Она принялась рассказывать, что произошло с Анной. Верхняя губа Фриды время от времени дрожала. У нее сжалось горло, и ей пришлось откашляться и высморкаться. Официант принес чаю, но она ждала, пока он остынет. Фриде Тамар вдруг вспомнилось то утро, когда она пришла к Якобу Анфангу и предложила ему на ней жениться, а он отказался. «Как я могла сделать такое? — спрашивала она себя. — При всей своей робости». Ей стало жарко. Тело охватила дрожь, как будто она находилась на борту корабля. Ей пришлось сделать над собой усилие, чтобы рассказать, что происходило с Анной, словно трагедия Анны была ее, Фриды Тамар, личным позором. Когда она начала говорить о Грейне и о том, что с ним произошло, глаза Якоба Анфанга сузились. В то же время его взгляд, устремленный в одну точку, смягчился. Казалось, он стыдится того, что пересказывает ему Фрида Тамар.
— Да, каждый ищет свой выход, — сказал он.
— Вы ведь тоже религиозны, — сказала Фрида Тамар полуутвердительно-полувопросительно.
— Да, но я выбрал другой путь.
— Могу ли я спросить какой?
С минуту Якоб Анфанг колебался. Потом в его черных глазах блеснул огонек иронии:
— Если я вам скажу, вы убежите. А то и хуже.
— Почему я должна от вас убегать? Каждый несет ответственность за себя.
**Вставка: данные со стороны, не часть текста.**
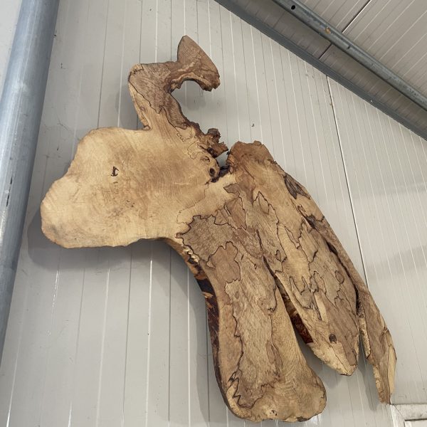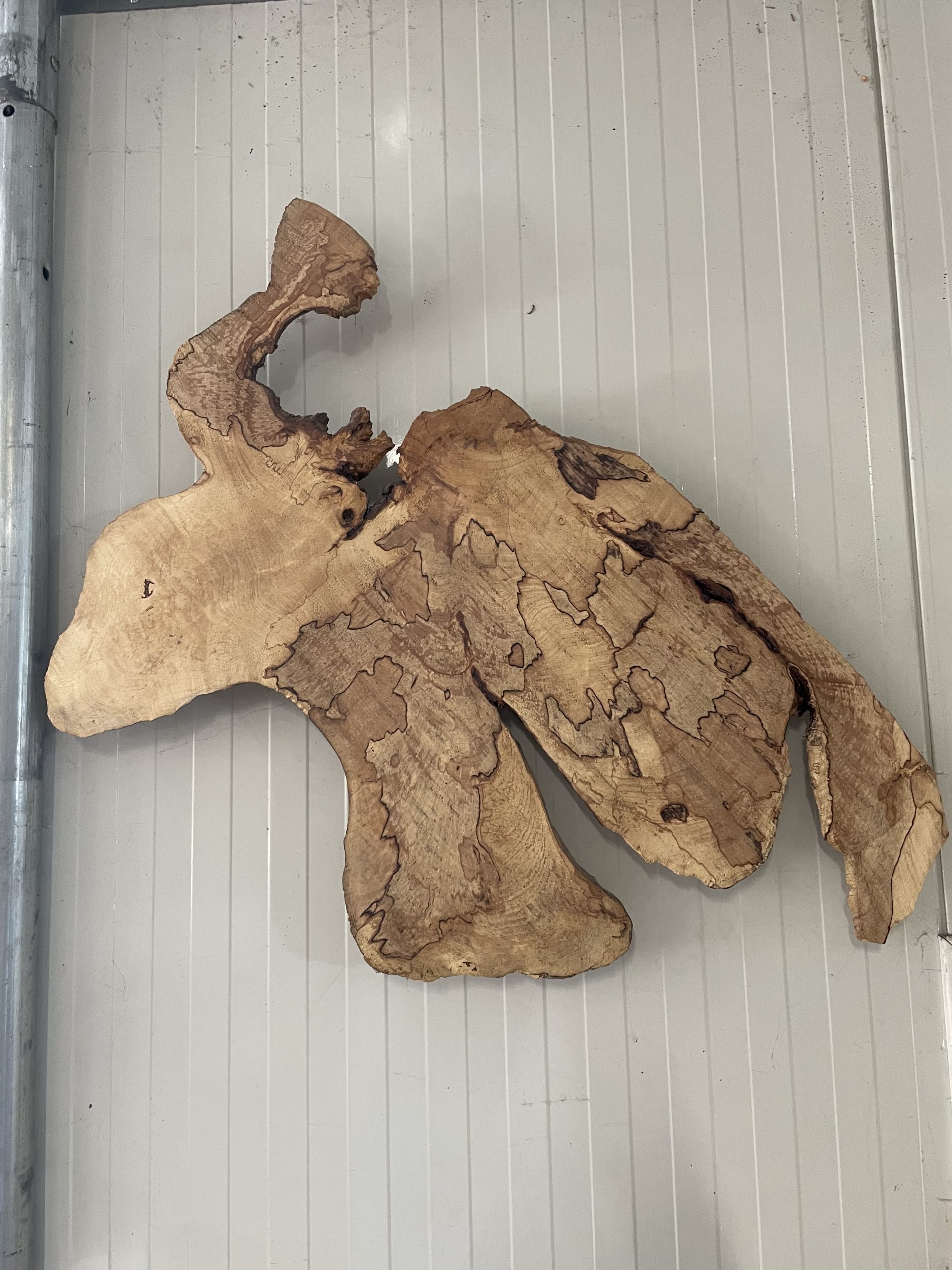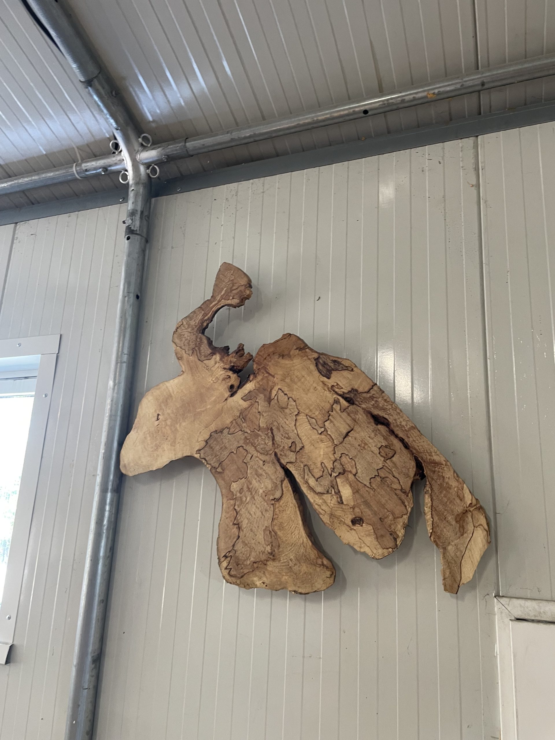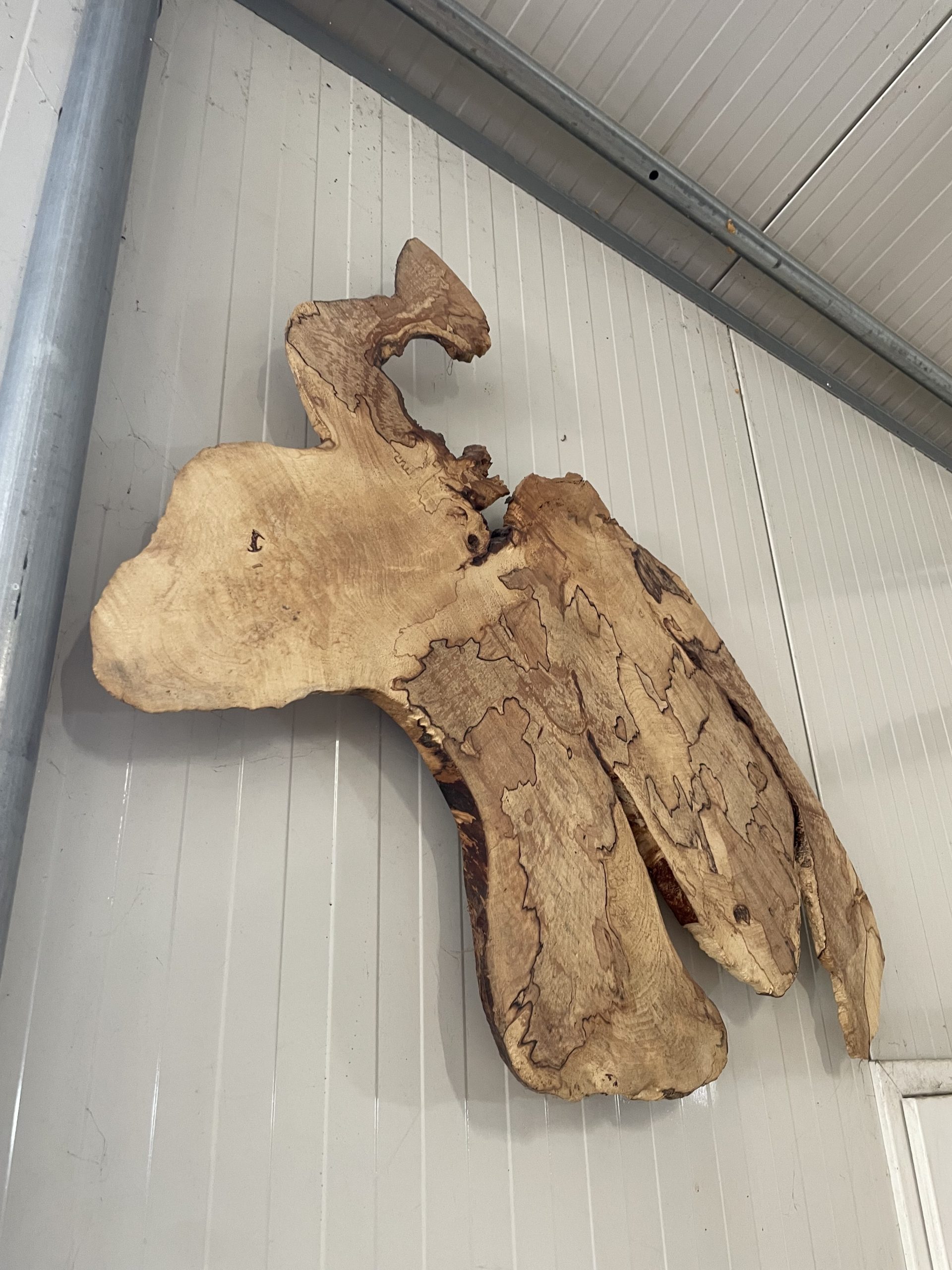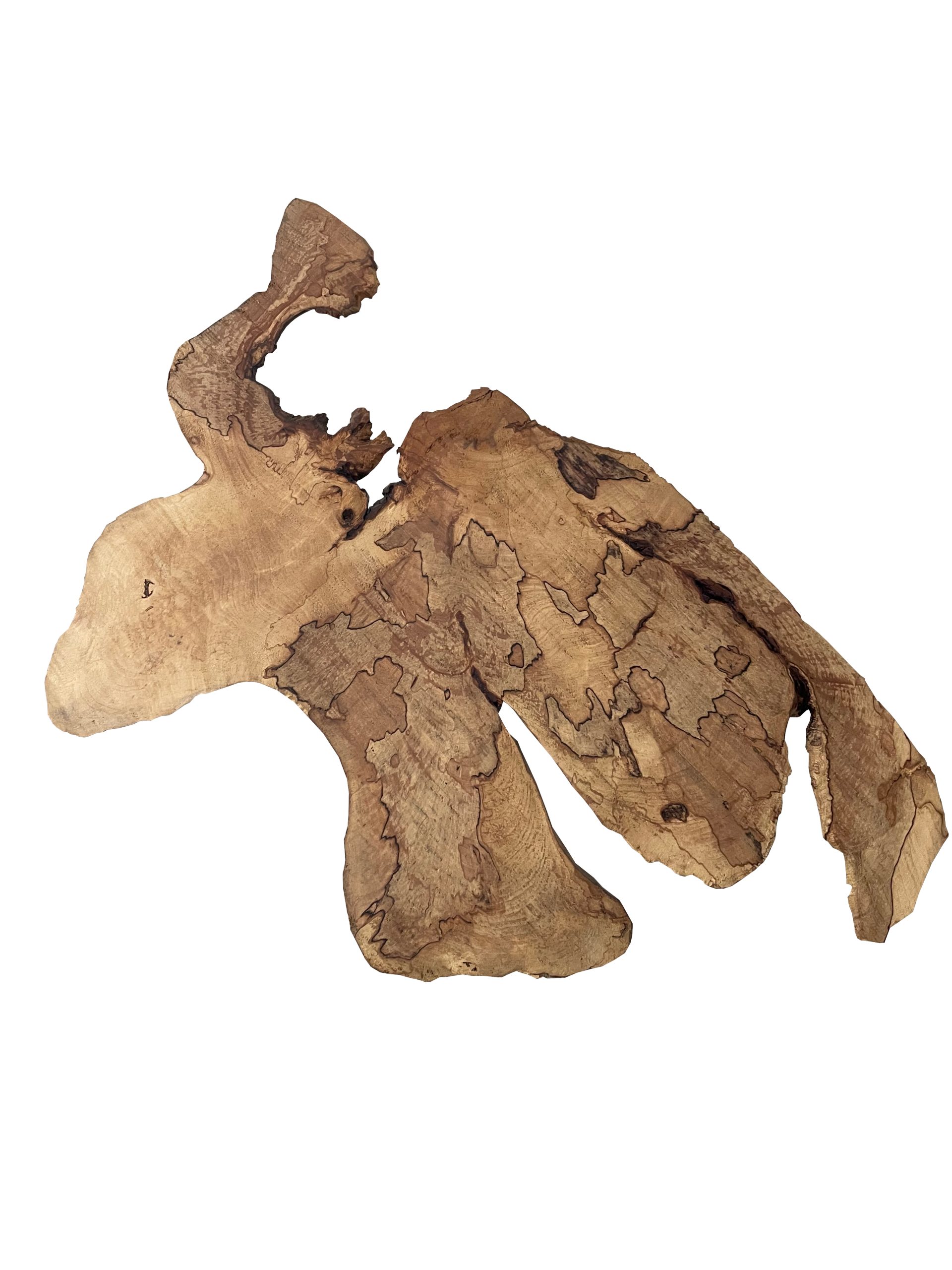 Ta niepowtarzalna rzeźba ścienna została wykonana z naturalnego kawałka drewna o wyjątkowej strukturze i nieregularnym, organicznym kształcie. Każdy detal opowiada historię natury – słoje, pęknięcia i kontrastowe przebarwienia tworzą niepowtarzalny obraz.

— Я ушел от еврейства… Я больше не еврей, — ответил Якоб Анфанг. При этом лицо его стало строгим, а глаза наполнились горечью. У Фриды Тамар было ощущение, будто мозг содрогнулся в ее черепной коробке, как ядро ореха в скорлупе. Ей стало холодно. Она сидела напряженная, беспомощная. Внутри все застыло. Фрида не знала, что сказать.
— Почему? — наконец выдавила из себя она.
— Что, испугались? — спросил Якоб. — Дело было так. Мне попался Новый Завет… И я нашел в нем ответы на свои вопросы.
— Что там есть такого, чего нет в наших священных книгах?
— Не знаю. Но там нет красной коровы и нет обезглавленной телицы.[419]
Глаза Фриды Тамар наполнились слезами.
— Нет. Но только что перебили шесть миллионов евреев, а они молчали. Убийцы резали, а священники смотрели на это.
— Это были не настоящие христиане.
— А кто же такие настоящие христиане?
— Мы, евреи.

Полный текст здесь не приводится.